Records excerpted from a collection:
⁂

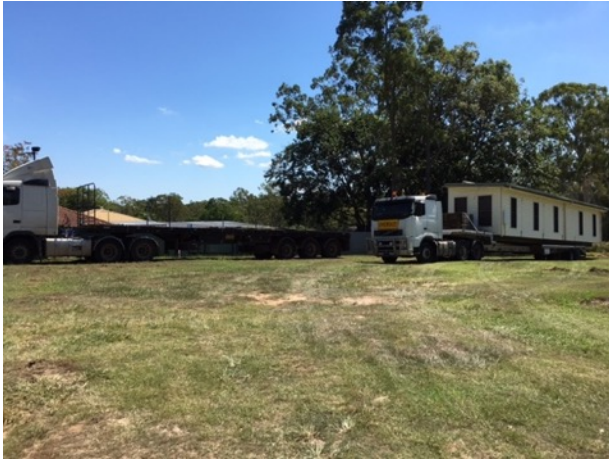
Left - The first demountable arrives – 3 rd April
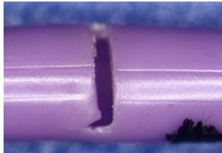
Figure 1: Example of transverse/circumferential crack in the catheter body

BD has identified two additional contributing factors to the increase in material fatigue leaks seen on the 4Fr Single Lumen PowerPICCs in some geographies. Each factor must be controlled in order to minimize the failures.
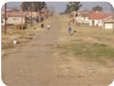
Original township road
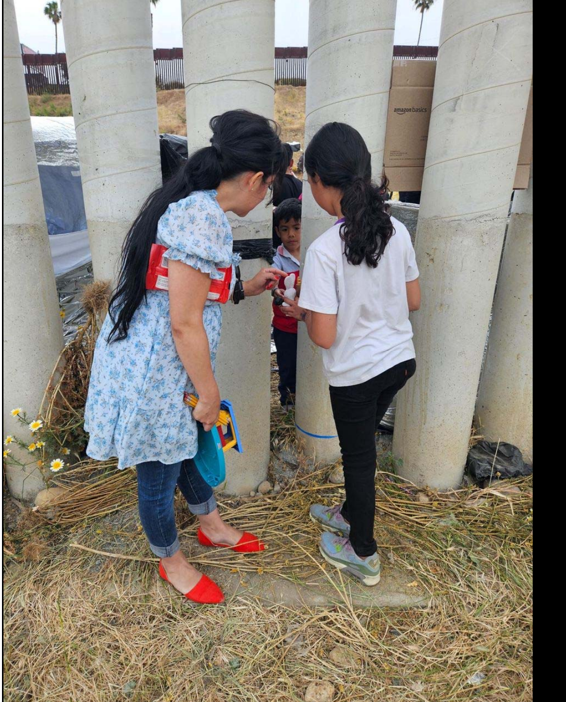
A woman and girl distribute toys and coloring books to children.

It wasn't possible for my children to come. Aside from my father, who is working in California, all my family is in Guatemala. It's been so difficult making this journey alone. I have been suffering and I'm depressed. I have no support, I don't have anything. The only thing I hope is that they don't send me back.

⁂

• _What you should do_
Beginning with the line where "BD has identified" appears, restate word for word every line down to the last one in the data, but keep the pictures out.

• _Solution for this task_
BD has identified two additional contributing factors to the increase in material fatigue leaks seen on the 4Fr Single Lumen PowerPICCs in some geographies. Each factor must be controlled in order to minimize the failures.
Original township road
A woman and girl distribute toys and coloring books to children.

It wasn't possible for my children to come. Aside from my father, who is working in California, all my family is in Guatemala. It's been so difficult making this journey alone. I have been suffering and I'm depressed. I have no support, I don't have anything. The only thing I hope is that they don't send me back.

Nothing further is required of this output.